Again, I checked the dash and decided, by seeing the blank glass, that it was digital and would need the key turned on. Since the key was in the ignition, I turned it one click and the gauges appeared. The sound system also rose but softly muted. I paid attention to it. “Multiple CDs? What? A changer in the trunk, most likely; AM/FM.” I checked around. “Six speakers surround sound.” It was all I could do not to pant lustfully.
Laying on the passenger’s seat was the only personal object in the car: a portfolio, black leather. My fingers itched to flip it open, hoping to find out who owned the car. While I kept my eyes glued to the view out the windshield, my hand dropped off the console and flipped open the cover. Only then did I look. Right on top of the neatly stacked pages was the sort of price sticker you normally see on the car window. Immediately, my eye tracked down the list, landing with a thud on the bottom line. I had to take a deep breath and hold it for a second, look away, then look back at the figure. I was sitting in a brand new Corvette, delivery price of fifty-four thousand dollars and change. Taxes and DMV fees not included.
“Even Pa’s Lincoln was less than that! Hoss’ truck wasn’t even close,” I raged softly, my eyes taking in the fact that, in the garage, there was an empty hole down at one end. “No, Joe’s out skiing. Besides, he couldn’t afford this!”

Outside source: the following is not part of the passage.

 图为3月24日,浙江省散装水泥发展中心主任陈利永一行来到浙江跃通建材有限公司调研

I looked at the price tag again and reaffirmed that my brother couldn’t even swing the down payment. The only one who could would be Pa and he…My shoulders slumped. I heard again my father’s gentle grievances concerning Joe and the VW. With it came the knowledge that Joe would soon have a birthday. “No, Pa wouldn’t…he…wouldn’t, would he?” I shook my head, telling myself once more that our father, while a kind and caring man, was also practical. And the ‘Vette was a long way from practical. Joe, however, had a way about him that beat all comers. Hoss and I had even used his wily ways ourselves when we were younger and wanted Pa to do something. It had been so easy to send in Joe to weasel it out of him. So much so that the boy had finally started threatening to charge us for services rendered. “But he couldn’t get Pa to…no, not even…no,” I tried to convince myself, muttering darkly.
The sound of an approaching motor pulled me back to the yard. Quickly, and guiltily, I got out of the car. As I stood beside it, a blue sedan pulled up and parked beside the Corvette. I recognized Bruce Tanner behind the wheel. Bruce was one of the salesmen down at the new car dealership where I was sure the black beauty behind me had sprung from. Like all good salesmen, he popped out of the car with his hand extended and a smile on his face.

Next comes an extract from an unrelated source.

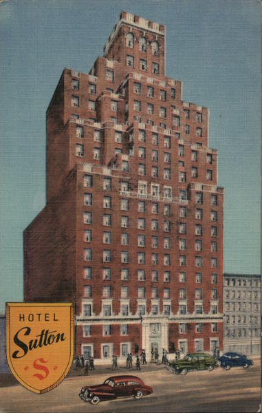 Front: 77171 211117 Satton S. Back: E-8101 HOTEL SUTTON 330 EAST 56th STREET NEW YORK 22, N. Y. Restaurant Bar Cocktail Lounge Swimming Pool and Roof Garden Designed and Produced by Harry H. Baumann, 254-6 W. 31st Street, New York 1. N. Y.

“Nice car, ain’t it?” He abused my eardrums with his loud voice as we shook hands.
“That it is,” was all I could think to say.
Behind me, I heard the door open and footsteps clatter across the wooden porch. Turning, I saw the president of that same car dealership, James Simplelot, shrugging into his coat. At his side was a little brother of mine, grinning from ear to ear.
“Oh, hi, Adam,” Simplelot greeted but I could tell that he was more interested in Joe than me. “Thanks, Joe. Always a pleasure to do business with you Cartwrights.”
Then the two salesmen were gone. They left in the blue sedan. They left the Corvette sitting in the yard, sucking down all the light, as seductive as a movie starlet, silently pleading for…
“Excuse me, brother. Need to put this baby in the garage,” Joe smirked, his nose wrinkling as he slipped by me and into the ‘Vette’s driver’s seat. “See someone moved the seat. No problem. Let’s see, yep! Here’s that switch.” As I stood there watching, dumbfounded, the seat slid back into its original configuration, which, I noticed, fit my brother to a ‘T’.
I stood there and watched, befuddled and bewildered, as Joe swung the sports car dream into his space in the garage. I was still there as he came back towards me, the ignition key swinging from one finger, possessively. Too possessively, I thought.
“How?” I asked, one hand out to stop him.
He tried playing dumb but we both knew what I was after. How had he managed to come up with the down payment at the very least? He certainly wasn’t going to pull it out of a bank account unless it wasn’t his. Joe was a lot of things but a penny-pincher? Penny-pitcher is more like it.
I repeated my single word question, holding his arm to keep him where I could see his face as he answered me.
“Don’t worry, brother,” he chirped and tried his best to get away from me but I held on tight.
“How?” I asked for the third time and that was without any cheerfulness.
“I sold the VW,” Joe admitted, that ear-to-ear grin on him again.
I was beyond mystified. My face must have proven it if not my slack jaw.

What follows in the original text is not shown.